(Records from a collection)
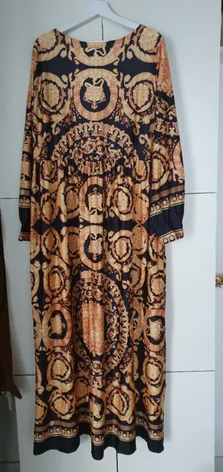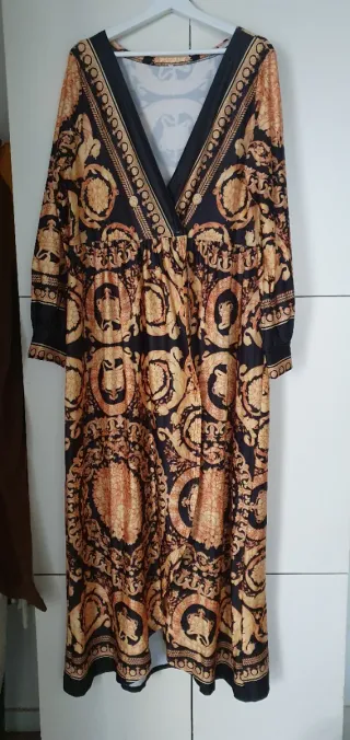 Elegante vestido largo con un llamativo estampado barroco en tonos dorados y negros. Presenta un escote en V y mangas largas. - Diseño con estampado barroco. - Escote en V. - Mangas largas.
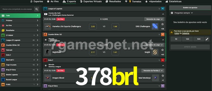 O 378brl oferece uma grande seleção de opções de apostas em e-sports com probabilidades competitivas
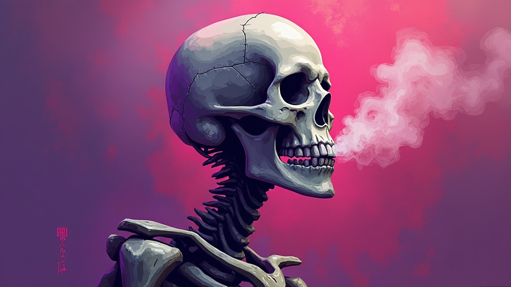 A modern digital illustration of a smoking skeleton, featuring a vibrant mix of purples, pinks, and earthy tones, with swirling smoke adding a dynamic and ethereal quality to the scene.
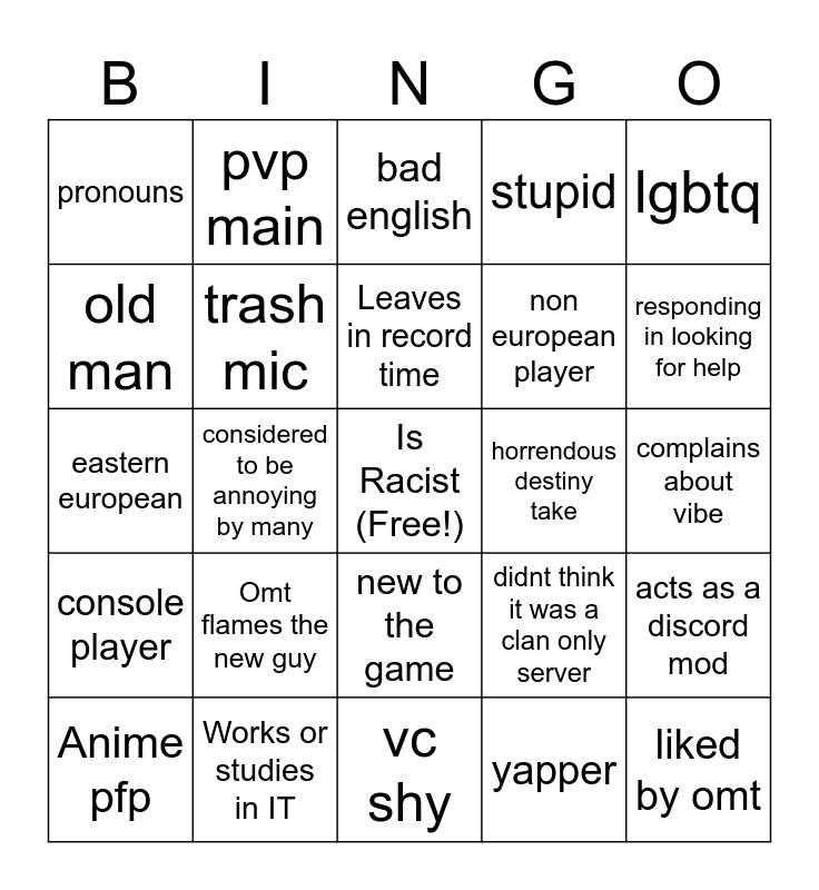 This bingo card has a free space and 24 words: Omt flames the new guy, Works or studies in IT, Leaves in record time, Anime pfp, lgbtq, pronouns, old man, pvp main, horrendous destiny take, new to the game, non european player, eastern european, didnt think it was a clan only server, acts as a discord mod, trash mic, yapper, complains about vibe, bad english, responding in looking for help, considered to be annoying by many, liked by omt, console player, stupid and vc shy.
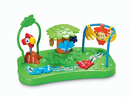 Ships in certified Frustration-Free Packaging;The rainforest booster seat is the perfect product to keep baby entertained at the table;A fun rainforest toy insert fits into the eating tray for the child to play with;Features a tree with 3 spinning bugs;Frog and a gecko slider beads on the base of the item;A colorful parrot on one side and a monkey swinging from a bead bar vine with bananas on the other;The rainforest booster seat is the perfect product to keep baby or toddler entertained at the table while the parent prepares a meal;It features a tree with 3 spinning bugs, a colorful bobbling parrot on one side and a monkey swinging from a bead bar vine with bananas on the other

YOUR ASSIGNMENT:
Treating the line with "A modern digital" as the last line to include, retype the records exactly from their first line, excluding pictures.

WRITTEN SOLUTION:
 Elegante vestido largo con un llamativo estampado barroco en tonos dorados y negros. Presenta un escote en V y mangas largas. - Diseño con estampado barroco. - Escote en V. - Mangas largas.
 O 378brl oferece uma grande seleção de opções de apostas em e-sports com probabilidades competitivas
 A modern digital illustration of a smoking skeleton, featuring a vibrant mix of purples, pinks, and earthy tones, with swirling smoke adding a dynamic and ethereal quality to the scene.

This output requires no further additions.